これは映画というよりもビデオ論文みたいなものです。だからダメという意味ではなく、ミキ・デザキ監督の論文を読んだ(映像作品で見た)という感覚の映画ということです。
で、映画の構成ですが、まず、ミキ・デザキ監督自身がこの従軍慰安婦問題を調べようとしたきっかけを説明する簡単な序論があり、続いて本論に入り、従軍慰安婦強制連行否定派の主張からいくつかの論点整理をし、強制連行否定、慰安婦の人数否定、性奴隷否定などにわけて、杉田水脈氏、ケント・ギルバート氏、櫻井よしこ氏などの主張をインタビュー映像で見せ、それに対して、その主張を否定する吉見義明氏、戸塚悦朗氏、林博史氏などのインタビュー映像をぶつけて論破し、結論として、それら否定派のバックには日本会議がいて、その中心人物が加瀬英明氏であるとまとめています。
これらの論点に対する否定派の主張はある程度知っていますので、驚くこともありませんが、ただ、あまりにもレベルの低い主張もあり、というか多く、結構作為的に選んでいるのかなあと思って見ていたのですが、どうやら秦郁彦氏には取材を申し込んだものの断られたようです。もしそうなら、それも映画の中で明かせばよかったのにとは思います。
それに、イラストを使っての否定派の背景に誰がいるかの件や加瀬英明氏のインタビューの挿入の仕方はかなり作為的ではあります。仮にそれが事実だとしても「検証と分析」をうたうのであれば、映画の中に論証がなさすぎます。

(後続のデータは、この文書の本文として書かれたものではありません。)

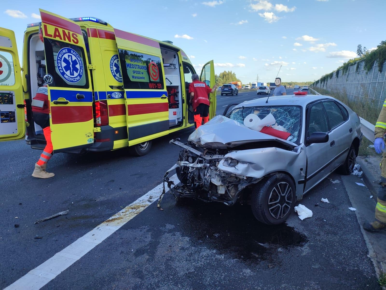 Zderzenie trzech samochodów na DK50. Jedno z aut dachowało.
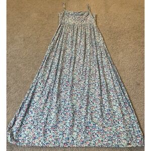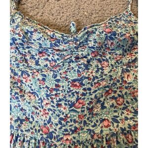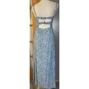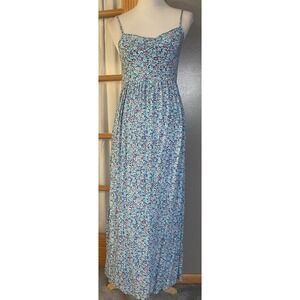 Y2K Hollister Floral Maxi Dress XS Tie Back High Slits Blue Boho Cottagecore

その点では YouTube的な映像に感じます。論点を効果音とともにスーパーでバーンと出したり、太鼓の音で煽ったりしているのもそうです。
そうしたことが効果的かどうかは微妙じゃないでしょうか。私は引いちゃいますけどね。
論文という意味では、慰安婦問題に関しての主張はその通りだと思いますが、この映像作品で提示されている論争はすでに行き着くところまでいっている感があり、新しい資料や証言を提示するか、新しい視点で切り込まないと単なるカウンターで終わってしまうのではないかと思います。ただ、サンフランシスコ市での慰安婦像設置についての公聴会(でいいのかな?)の映像がかなり使われていたのは新鮮でしたし、初めてみましたので、未編集の全編を見られるのなら見てみたいとは思います。
ということで、結局、ミキ・デザキ監督の狙いは結論にあるのかも知れません。つまり、こうした従軍慰安婦否定論が力を増してきたのは、2006年の安倍政権誕生以降であり、たとえば2006年(2007年?)に安倍首相が狭義の強制はなかったと国会答弁し矮小化してしまったことや河野談話を否定する動きがあり、ついには教科書から慰安婦記述が消えてしまっている、そしてそのバックには歴史修正主義の団体である日本会議がいる、こういうことなんだと思います。
ただ、論文としてみれば、結論については論証不足ですし、日本会議を得体の知れない黒幕化してしまわないかと心配にはなります。